Top of Data extract
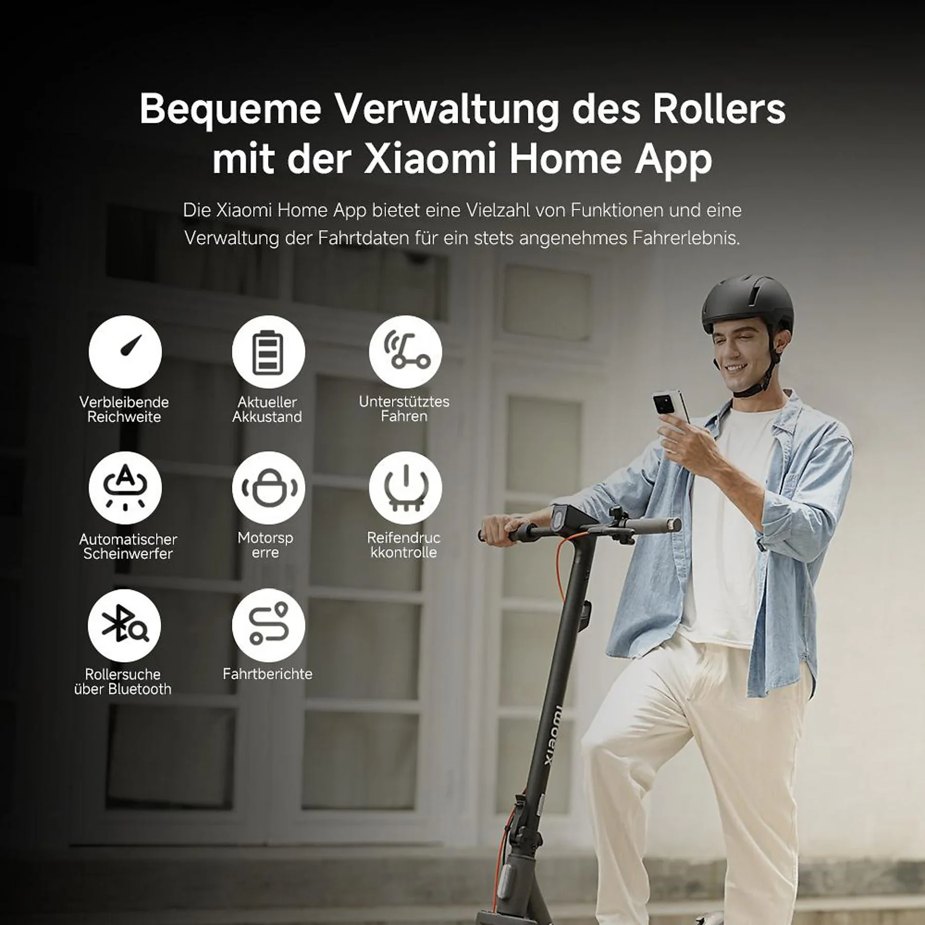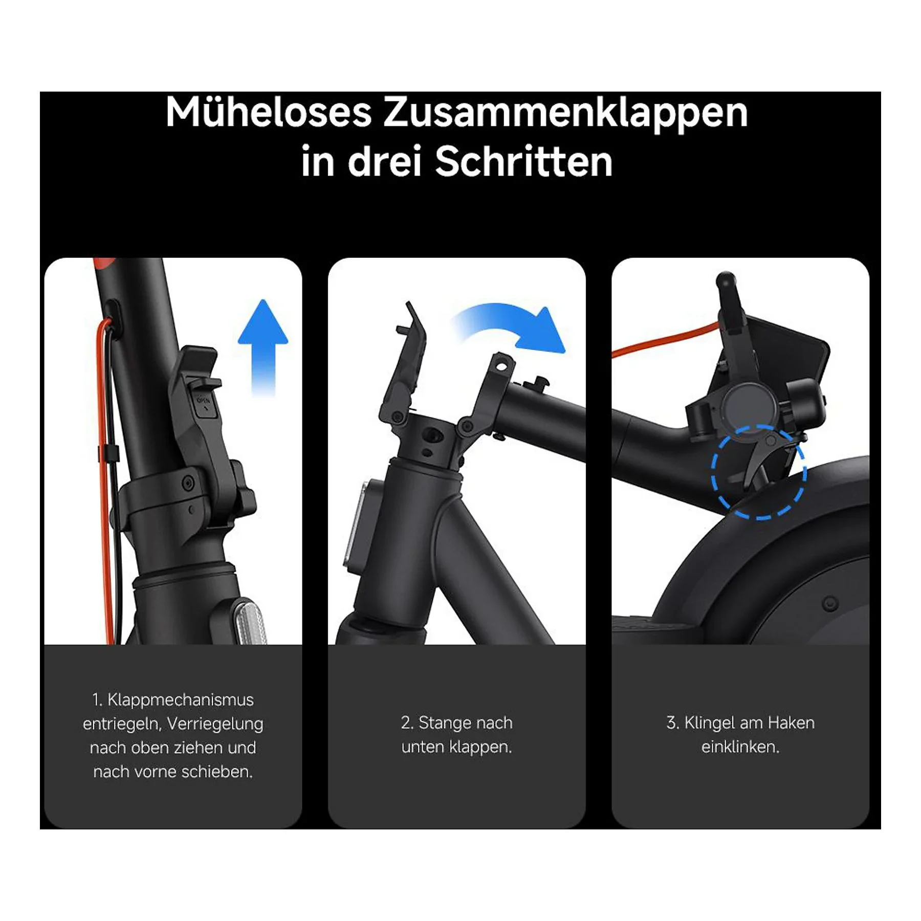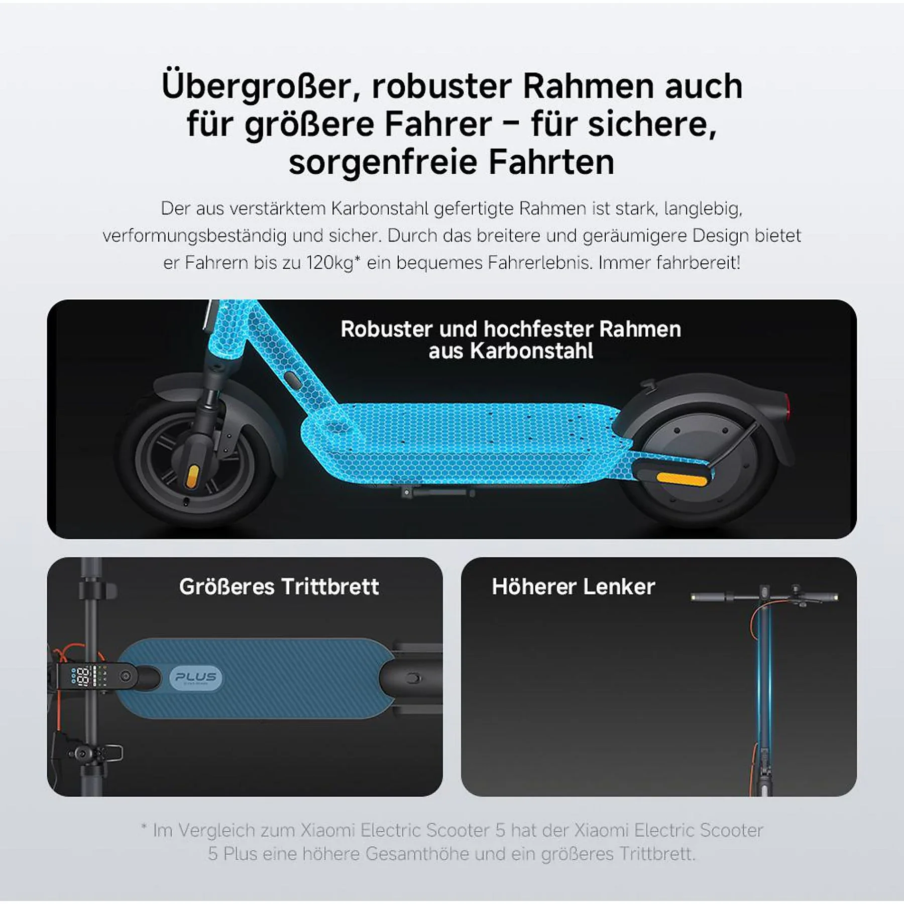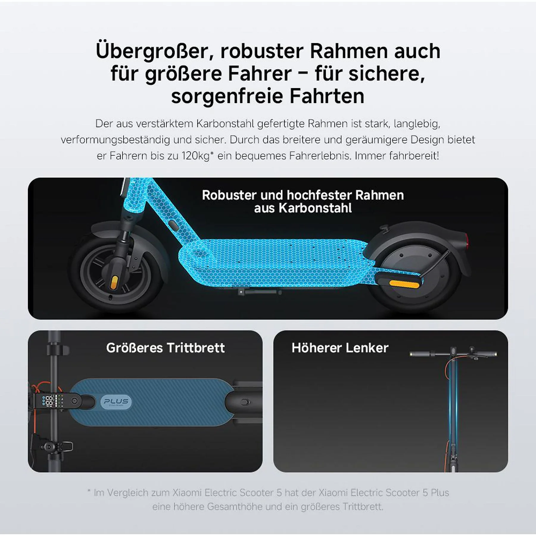 | Im Paket | Xiaomi Electric Scooter 5 Plus, Ladegerät, T-förmiger Inbusschlüssel, Haken, Schrauben, technische Daten, Bedienungsanleitung |
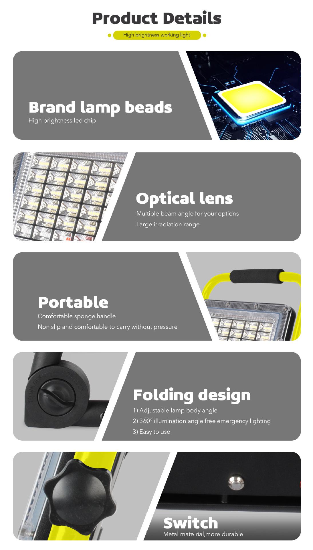 Led100W200W Iluminación de Emergencia Portátil Foco Exterior Impermeable Luz de Puesto Callejero Móvil
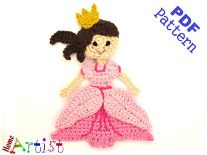 Pricess measures about 5 in. in height by 3 in. wide but the size can be varied by using thinner or thicker yarn and types of hook. Colors can be changed according to your personal preference. The pattern is designed for worsted weight yarn and uses American English crochet terms.
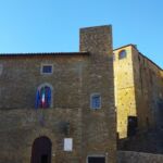 市役所の右の道を上ると、村の中心で一番の高みにあるカッセロへ出ます。ここは紀元前より人々が住み、中世までに防御のための城壁が建設された後、周辺の要所や道を監視するために11世紀に建てられた要塞でした。ペルージャ統治時代の1350年頃に最後の最後の砦として、エトルリア時代のものを基礎として更に小さなカッセロと塔が建設されます。残念ながら私が行った時にはクローズでしたが、5月~9月の土・日は塔の上にのぼることができます。塔にのぼらずとも、芝生が美しい敷地は開放的で、ここからも美しい景色が見渡せます。テーブルやイスもあり、ハイシーズンには飲食店も開くようです。
Bottom of Data extract
◆ Problem to work on
Give back, exactly as written, the lines from the top of the material through the line with "Led100W200W Iluminación de", ends included and pictures left aside.

◆ Exercise solution
 | Im Paket | Xiaomi Electric Scooter 5 Plus, Ladegerät, T-förmiger Inbusschlüssel, Haken, Schrauben, technische Daten, Bedienungsanleitung |
 Led100W200W Iluminación de Emergencia Portátil Foco Exterior Impermeable Luz de Puesto Callejero Móvil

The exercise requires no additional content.